# Prostate dose escalation may positively impact survival in patients with clinically node-positive prostate cancer definitively treated by radiotherapy: surveillance study of the Japanese Radiation Oncology Study Group (JROSG)

**Authors:** Toshiya Maebayashi, Takashi Mizowaki, Hitoshi Ishikawa, Kiyonao Nakamura, Koji Inaba, Hirofumi Asakura, Hiromitsu Iwata, Satoshi Itasaka, Hiroyuki Wada, Masakuni Sakaguchi, Keiichi Jingu, Takeshi Akiba, Natsuo Tomita, Katsumasa Nakamura

PMC · DOI: 10.1093/jrr/rraf005 · Journal of Radiation Research · 2025-03-07

## TL;DR

This study suggests that increasing the radiation dose to the prostate may improve survival for patients with node-positive prostate cancer treated with radiotherapy.

## Contribution

The study identifies prostate dose escalation as a potential survival benefit in node-positive prostate cancer patients.

## Key findings

- The 5-year overall survival rate was 86.8% among patients treated with pelvic radiotherapy.
- Higher biologically effective dose to the prostate was significantly associated with better survival outcomes.
- Late toxicities were low, with gastrointestinal and genitourinary Grade 2+ events at 8.2% and 5.8%, respectively.

## Abstract

Objective: To retrospectively analyze outcomes of patients who received definitive pelvic irradiation for clinically pelvic node-positive (cT1-4N1M0) prostate cancer (PCa).

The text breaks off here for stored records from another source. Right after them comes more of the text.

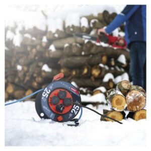 Weatherproof navijak kábla 25 m / 4 zásuvky / modrý / silikónový / 230 V / 1,5 mm2 ďalšie funkcie: vodiace oko, brzda cievky|detské clonky: nie|dĺžka: 25 m|farba: modrá|hmotnosť: 4 460 g|krytie: IP44|max. zaťaženie navinutého: 4,8 A max./1 100 W|max. zaťaženie rozvinutého: 16 A max./3 680 W|napätie: 230 V|počet zásuviek: 4|predajný obal: 1 ks, krabica|prierez […] zobraziť celý popis
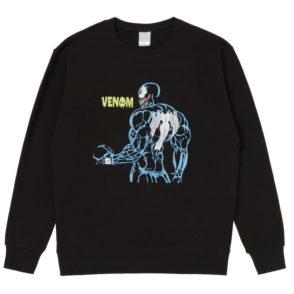 MARVEL POPカラーシリーズスウェット。トレンドのビッグシルエットのクルーネックです。スパイダーマンのヴィラン、ヴェノムのクールなデザインです。
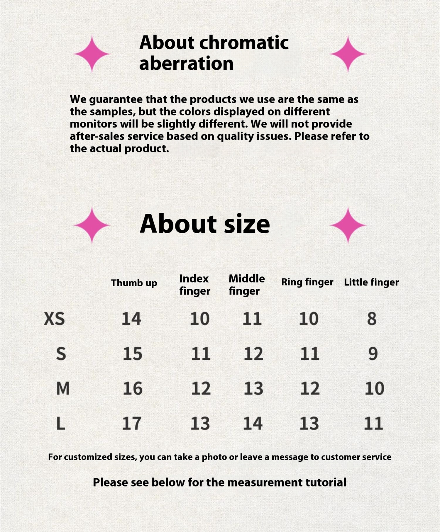 Color classification: xs14 10 11 10 8,s 15 11 12 11 9,m16 12 13 12 10,L17 13 14 13 11,
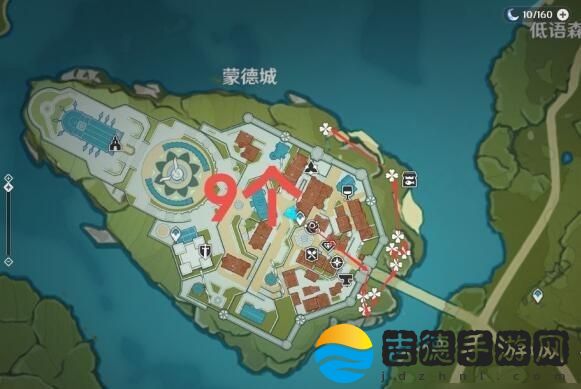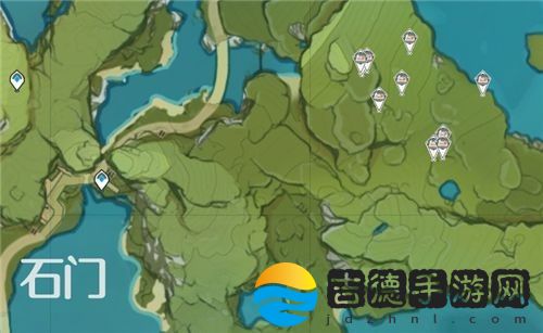 1、第一处位置在蒙德德城门口,这里有9个刷新点。
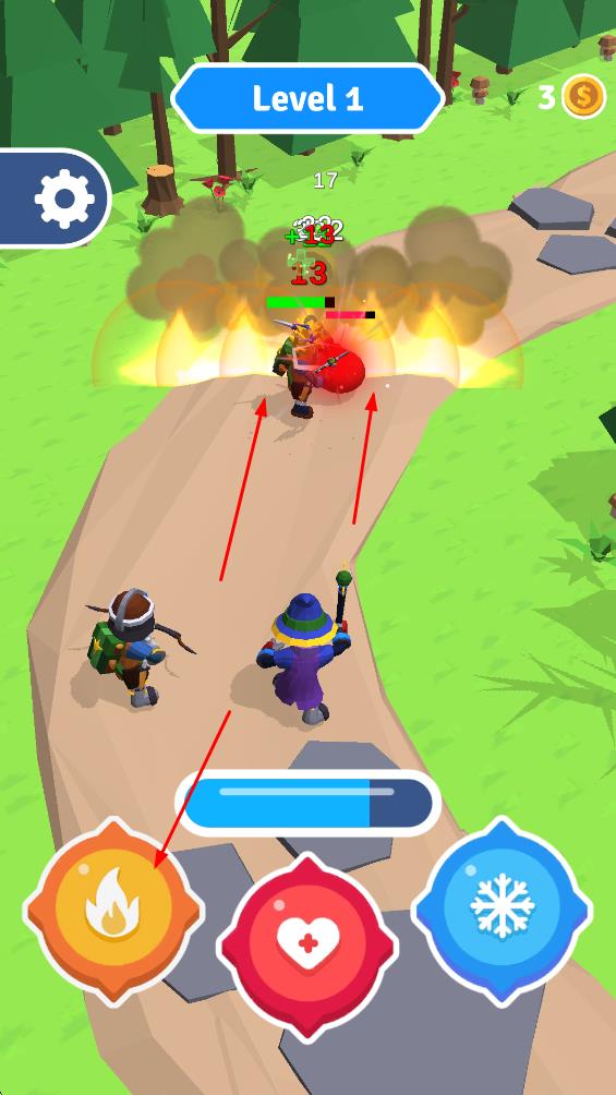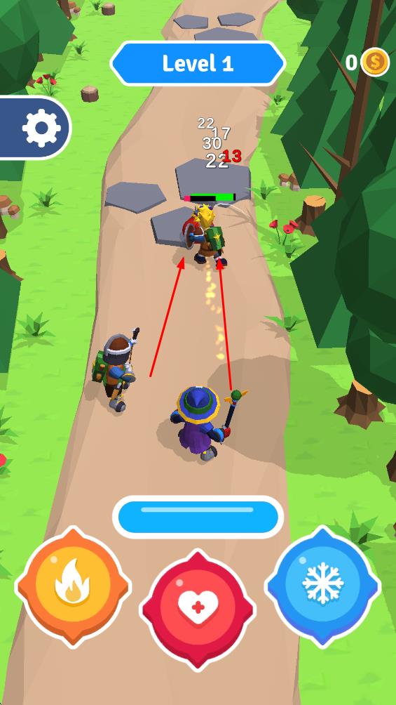 1、操控巫师、弓箭手等角色在森林路径前进,遭遇持盾等类型怪物,开启Level1关卡挑战。
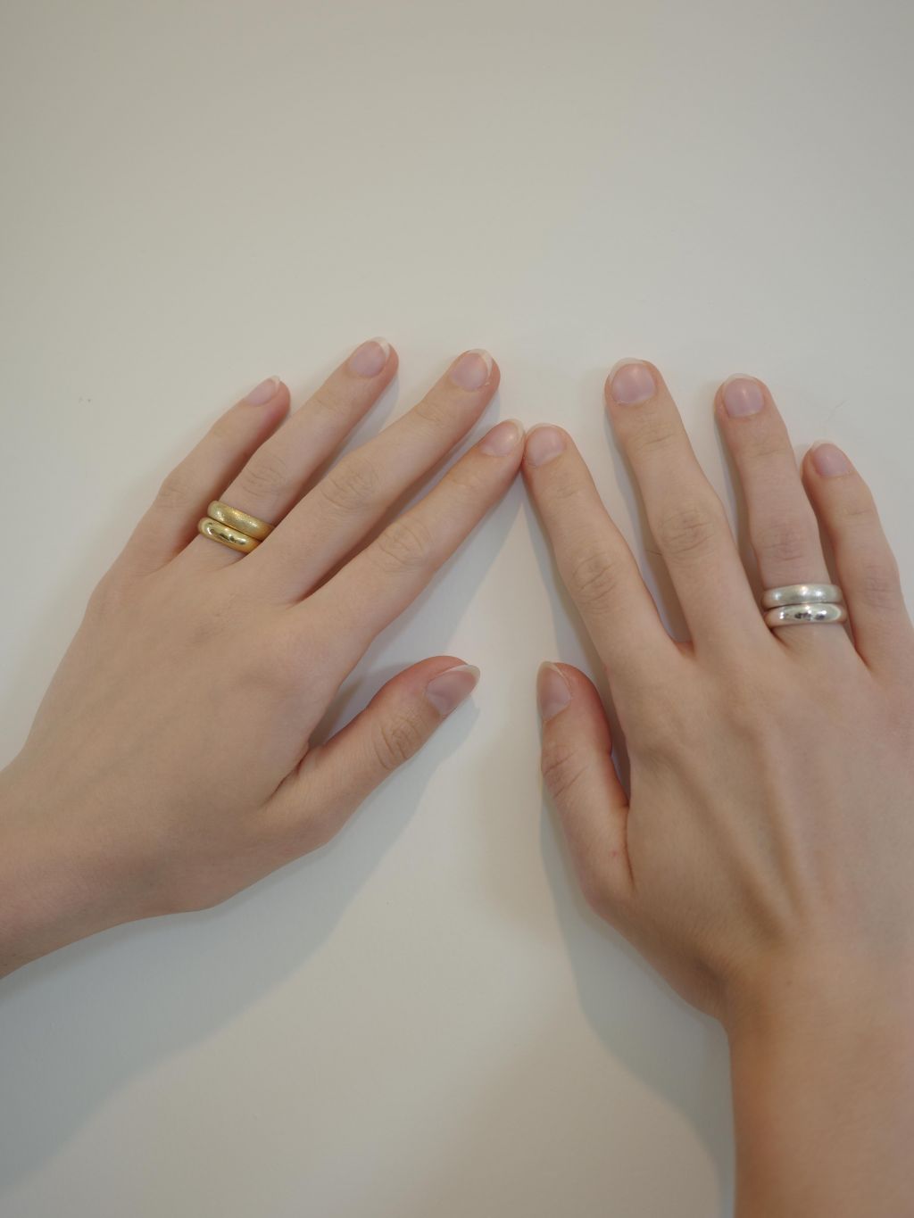 유광과 무광 두가지 텍스쳐로 선택 가능하며, 여러 개의 링을 레이어드해서 착용하여 다른 느낌을 줄 수 있습니다.

Materials and methods: Clinical records of 148 patients with cT1-4N1M0 PCa treated with definitive pelvic radiotherapy (RT) between 2011 and 2015 were retrospectively collected from 25 institutions by the Japanese Radiation Oncology Study Group. The median age, initial prostate-specific antigen (PSA) level, and biologically effective dose (BED) to the prostate with α/β of 1.5 Gy were 69 (interquartile range [IQR], 65–74.3) years, 41.5 (IQR, 20.3–89) ng/ml, and 177.3 (IQR, 163.3–182) Gy, respectively. All patients underwent neoadjuvant androgen-deprivation therapy (ADT) for a median duration of 10 months. Most patients (141; 95.2%) received concurrent ADT during the irradiation period. The median duration of adjuvant ADT was 16 (IQR, 5–27.8) months. The Phoenix definition was used to assess biochemical failure.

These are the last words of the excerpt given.